Nonetheless, each source should be assessed from a life-cycle perspective that includes the embodied materials, wastes and emissions from the manufacturing, transport and installation of the infrastructure. Currently, all renewables rely to some degree or other on the fossil fuel based system for manufacture and transport.

Another potential advantage is that the exploitation of domestic renewable energy resources can mean reduced dependence on energy imports and thus greater energy security. However, not all countries are well endowed with renewable energy resources and may yet depend on other nations.

One example may be European reliance on solar energy from the Sahara Desert.

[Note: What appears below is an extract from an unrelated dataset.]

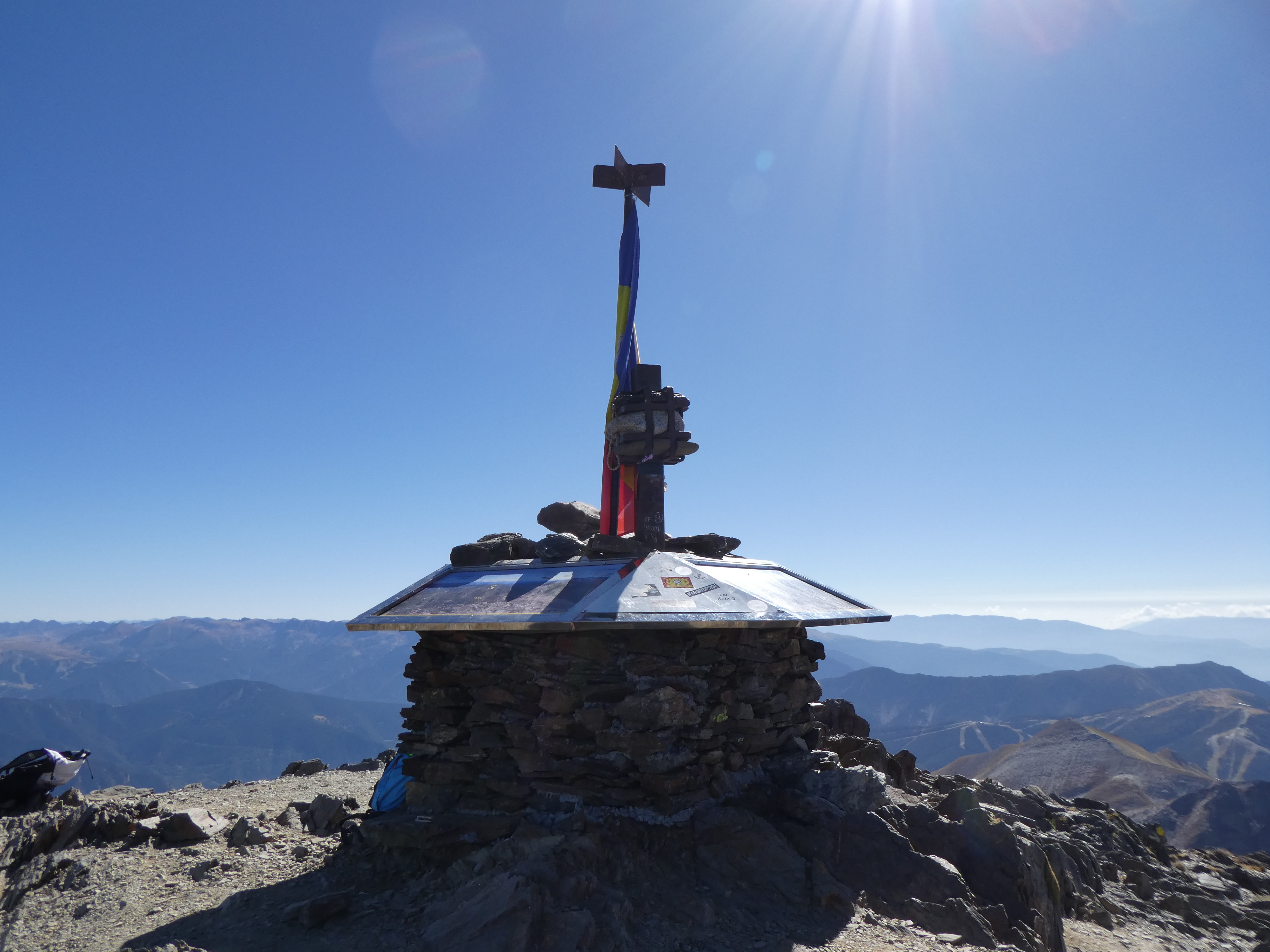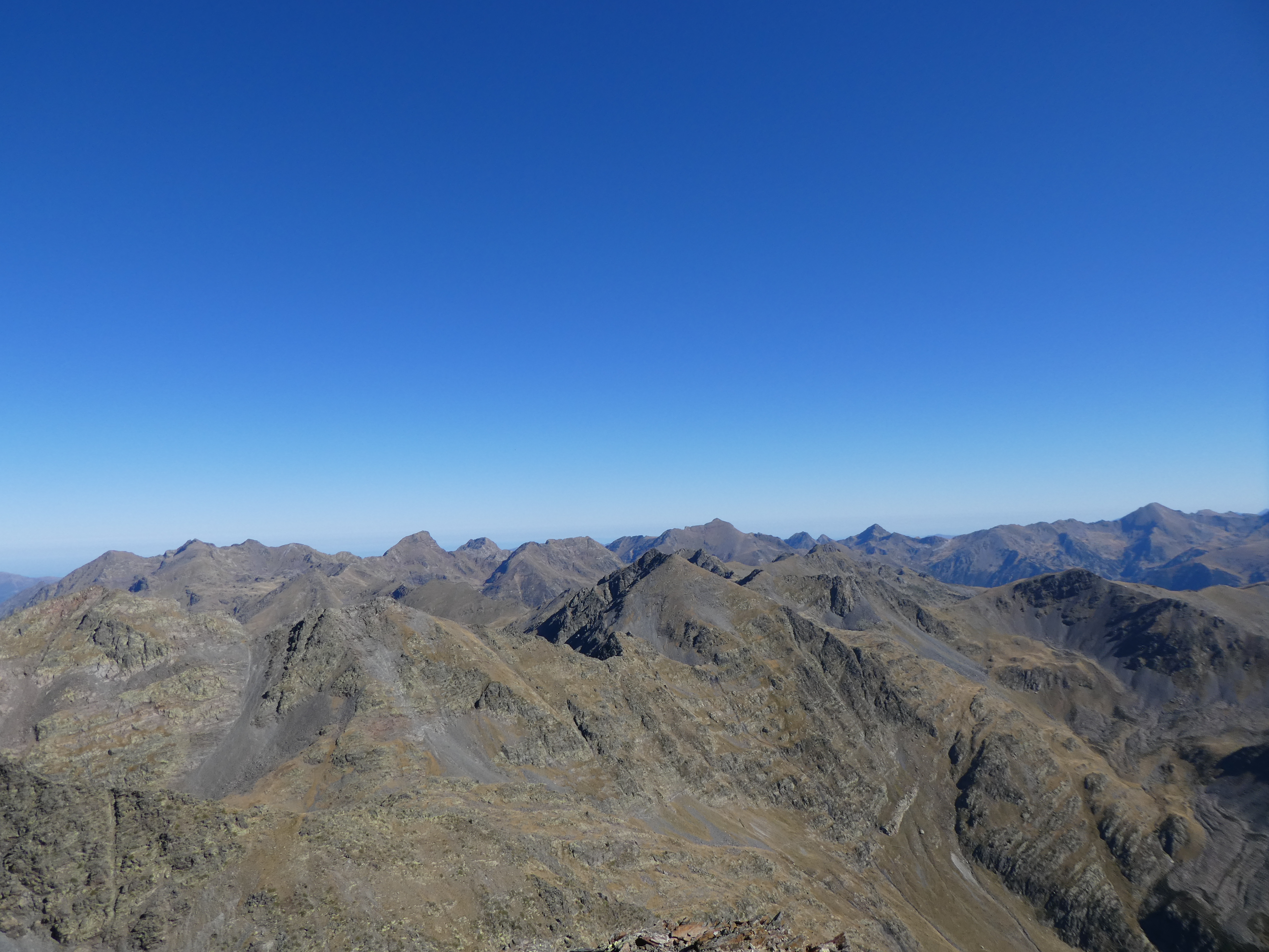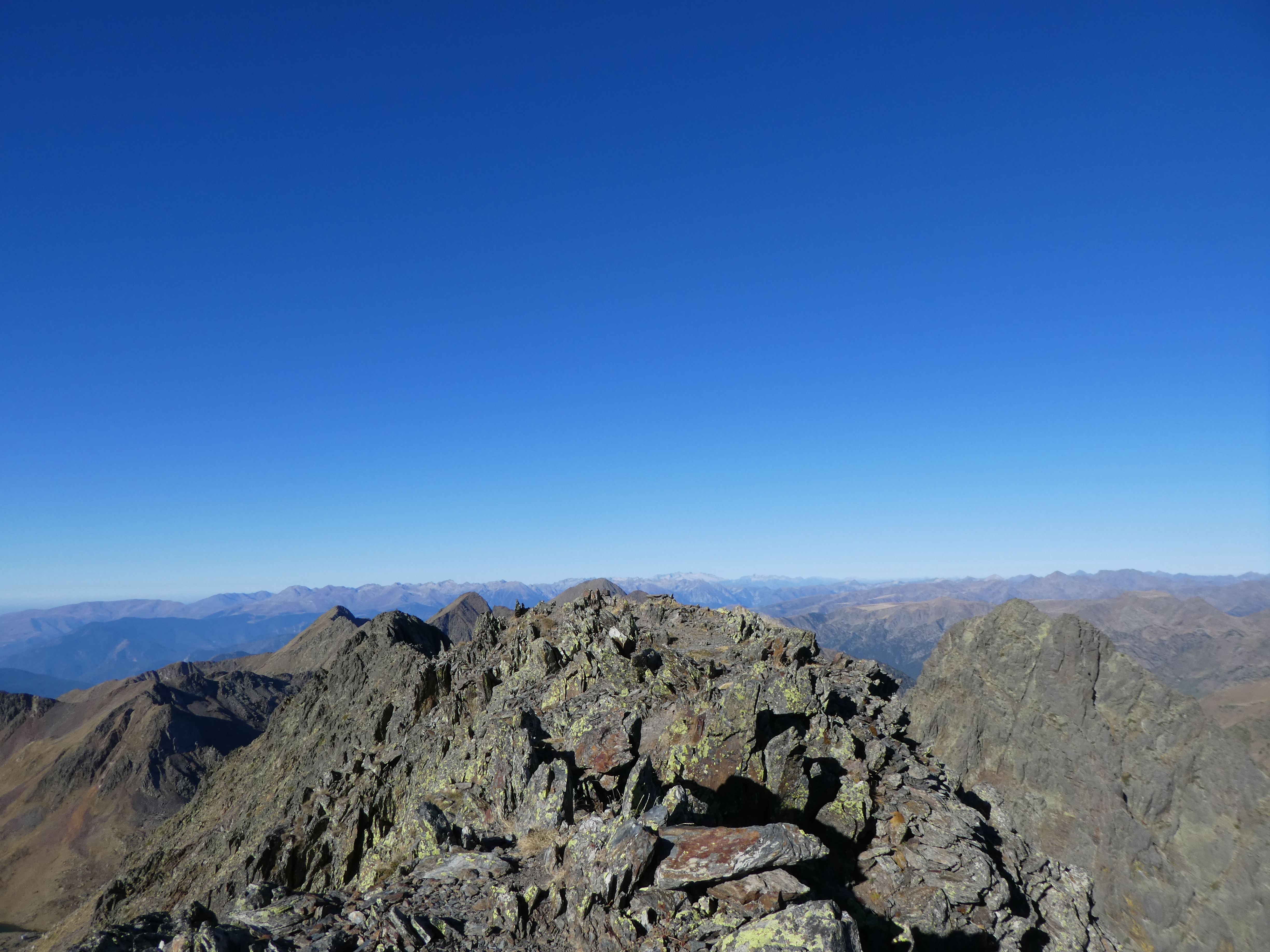 Arrivée au sommet du Pic de Coma Pedrosa ou Pic Alt de Comapedrosa (2942 m) : panorama semblable à celui du Pic de Medecorba avec vue plus étendue sur les sommets de l'Alt Urgell

A final plus factor is that renewables do not carry the burden of risks associated with nuclear power, such as toxic waste disposal, radioactive spills and weapons proliferation.

On the other hand, renewables also have some significant disadvantages when compared to fossil fuels and nuclear power.

For one thing, renewable installations to date produce power on a much smaller scale than conventional power plants. This is partly because renewable energy sources are often found in relatively low concentrations – for instance, there is only so much sunlight falling on a given area of land.

Secondly, some of the renewable sources – particularly solar and wind – provide only variable power, while our society has become accustomed to 24/7 energy supply.

To function effectively, a variety of renewable sources needs to feed into large and efficient electric grids in order to stabilise power supply; the diversity of renewables needs to be exploited fully.

Thirdly, with the exception of liquid biofuels and biogas, renewables generate electricity and thus cannot directly substitute for 95% of the world’s current transport infrastructure that relies on petroleum fuels.

However, the land-based transport system can over time be phased over to electric vehicles and trains (ships and aircraft present a greater challenge).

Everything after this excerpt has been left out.